Find the general solution for $\cot x=-\sqrt{3}$

Answer 1

Hint: First we will convert cot into tan and then write that for what value of tan of the angle we get $\dfrac{-1}{\sqrt{3}}$, and then we will use the general solution of tan to find all the possible solutions, and we can see that there will be infinitely many solutions of x for which it gives $\tan x=\dfrac{-1}{\sqrt{3}}$.

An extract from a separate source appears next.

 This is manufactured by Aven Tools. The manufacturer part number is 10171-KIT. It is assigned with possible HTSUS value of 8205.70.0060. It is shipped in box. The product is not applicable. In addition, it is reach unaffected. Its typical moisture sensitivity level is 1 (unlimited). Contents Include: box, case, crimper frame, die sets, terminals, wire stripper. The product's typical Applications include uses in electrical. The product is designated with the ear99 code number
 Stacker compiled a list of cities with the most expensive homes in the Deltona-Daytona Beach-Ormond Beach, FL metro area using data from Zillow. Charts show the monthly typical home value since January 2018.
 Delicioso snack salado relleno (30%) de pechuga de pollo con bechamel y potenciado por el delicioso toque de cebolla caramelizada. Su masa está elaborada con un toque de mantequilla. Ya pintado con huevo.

Complete step-by-step answer:
Let’s convert cot into tan using the formula $\tan x=\dfrac{1}{\cot x}$
Hence, for $\cot x=-\sqrt{3}$ we get $\tan x=\dfrac{-1}{\sqrt{3}}$.
Let’s first find the value of angle for which we get $\dfrac{-1}{\sqrt{3}}$.
Now we need to find that in which quadrant tan is negative,
We know that tan is negative in ${2}^{nd}$ and ${4}^{th}$ quadrant, so $\dfrac{-\pi }{6}$ and $\pi -\dfrac{\pi }{6}$ both are the correct value,
Here, we will take $\dfrac{-\pi }{6}$.
Now we know that $\tan \left( \dfrac{-\pi }{6} \right)=\dfrac{-1}{\sqrt{3}}$
Hence, we get $\tan x=\tan \left( \dfrac{-\pi }{6} \right)$
Now we will use the formula for general solution of tan,
Now, if we have $\tan \theta =\tan \alpha $ then the general solution is:
$\theta =n\pi +\alpha $
Now using the above formula for $\tan x=\tan \left( \dfrac{-\pi }{6} \right)$ we get,
$x=n\pi -\dfrac{\pi }{6}$
Here n = integer.
Hence, from this we can see that we will get infinitely many solutions for x as we change the value of n.

Note: The formula for finding the general solution of tan is very important and must be kept in mind. In the above solution we have taken the value of $\alpha $ we have taken was $\dfrac{-\pi }{6}$, but one can also take the value of $\alpha $ as $\pi -\dfrac{\pi }{6}$ , as it lies in the ${2}^{nd}$ quadrant and gives negative value for tan. And then one can use the same formula for the general solution and replace the value of $\alpha $ with $\pi -\dfrac{\pi }{6}$ to get the answer, which is also correct.